- Born: March 5, 1892 Louisville, Kentucky, U.S.
- Died: December 4, 1960 (aged 68) New York City, U.S.
- Known for: Illustration, painting
- Movement: Realism
- Spouse: Mildred Montrose Kirkham Cornwell (1893 - 1974)
- Children: Kirkham Randolph Cornwell (1920 - 1984), Patricia Cornwell (1923 - )

= Dean Cornwell =

American illustrator and painter (1892–1960)

Dean Cornwell (March 5, 1892 – December 4, 1960) was an American illustrator and muralist. His oil paintings were frequently featured in popular magazines and books as literary illustrations, advertisements, and posters promoting the war effort. Throughout the first half of the 20th century he was a dominant presence in American illustration. At the peak of his popularity he was nicknamed the "Dean of Illustrators".

==Background==
Cornwell was born in Louisville, Kentucky. His father, Charles L. Cornwell, was a civil engineer whose drawings of industrial subjects fascinated Cornwell as a child. He began his professional career as a cartoonist for the Louisville Herald. Soon thereafter he moved to Chicago, where he studied at the Art Institute and worked for the Chicago Tribune. In 1915 he moved to New Rochelle, New York, a well known artist colony, and studied in New York City under Harvey Dunn at the Art Students League of New York. Eventually he traveled to London to study mural painting as an apprentice to Frank Brangwyn. Brangwyn's style influenced Cornwell's artistic development in "rendering the human figure, bold outlines, flattened picture plane, and graphic approach to composition."

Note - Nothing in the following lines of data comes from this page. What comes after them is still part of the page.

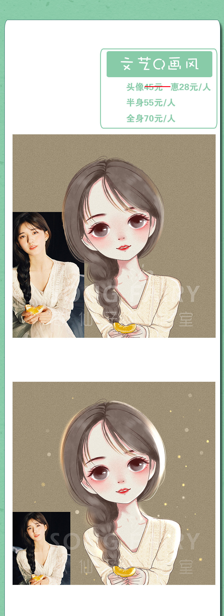 Q版手繪頭像設(shè)計(jì)文藝可愛(ài)萌卡通人物形象真人照片漫畫(huà)圖畫(huà)像板繪價(jià)格行情
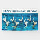 Creative, easy to personalise, birthday party, swimming event, or pool party banner featuring swimming pool and synchronised swimmers watercolor. To customise, edit text to add name.
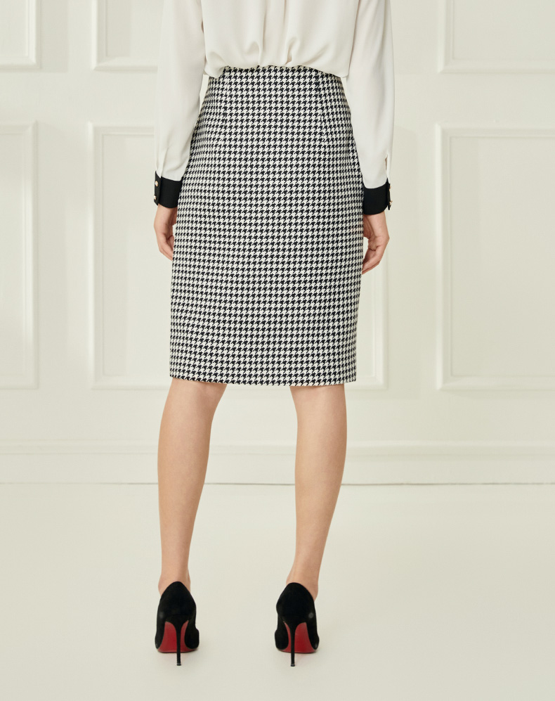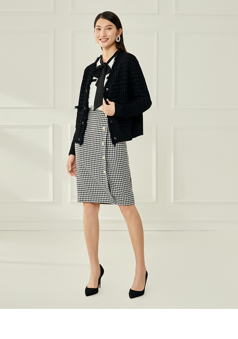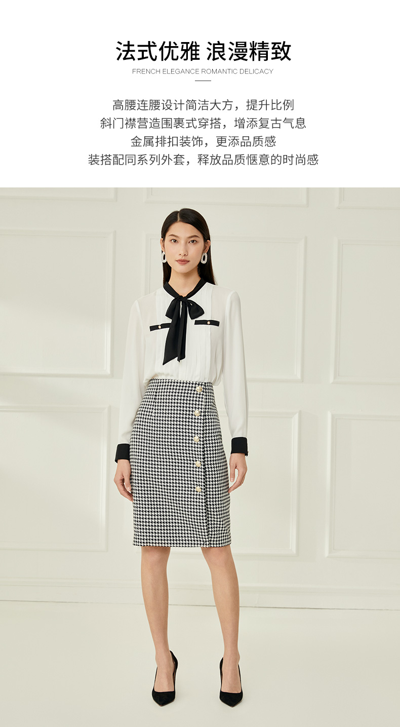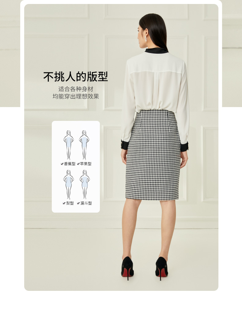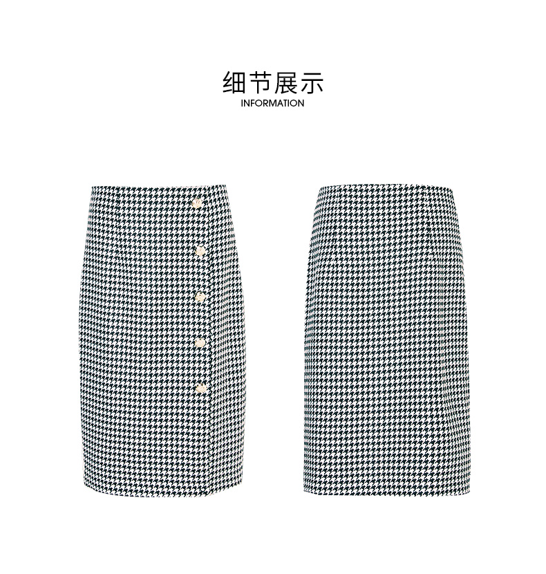 EITIE爱特爱秋冬新款洋气时髦格纹高腰包臀半身裙女裙半裙6706410

Cornwell married Mildred Kirkham in 1918 but married life was difficult. From 1935 until his death, Dean and Mildred lived separately but never divorced. Cornwell taught and lectured at the Art Students League in New York. He served as president of the Society of Illustrators from 1922 to 1926, and was elected to its Hall of Fame in 1959. In 1934, he was elected into the National Academy of Design as an Associate Academician, and became a full Academician in 1940. He served as president of the National Society of Mural Painters from 1953 to 1957.

== Career ==
Cornwell's paintings were in Cosmopolitan, Harper's Bazaar, Redbook, and Good Housekeeping magazines, illustrating the work of authors including Pearl S. Buck, Lloyd Douglas, Edna Ferber, Ernest Hemingway, W. Somerset Maugham, and Owen Wister. Cornwell's February 1953 cover of a riverboat for True was later made into a U.S. Postage stamp as part of the USPS's 2001 American Illustrators series.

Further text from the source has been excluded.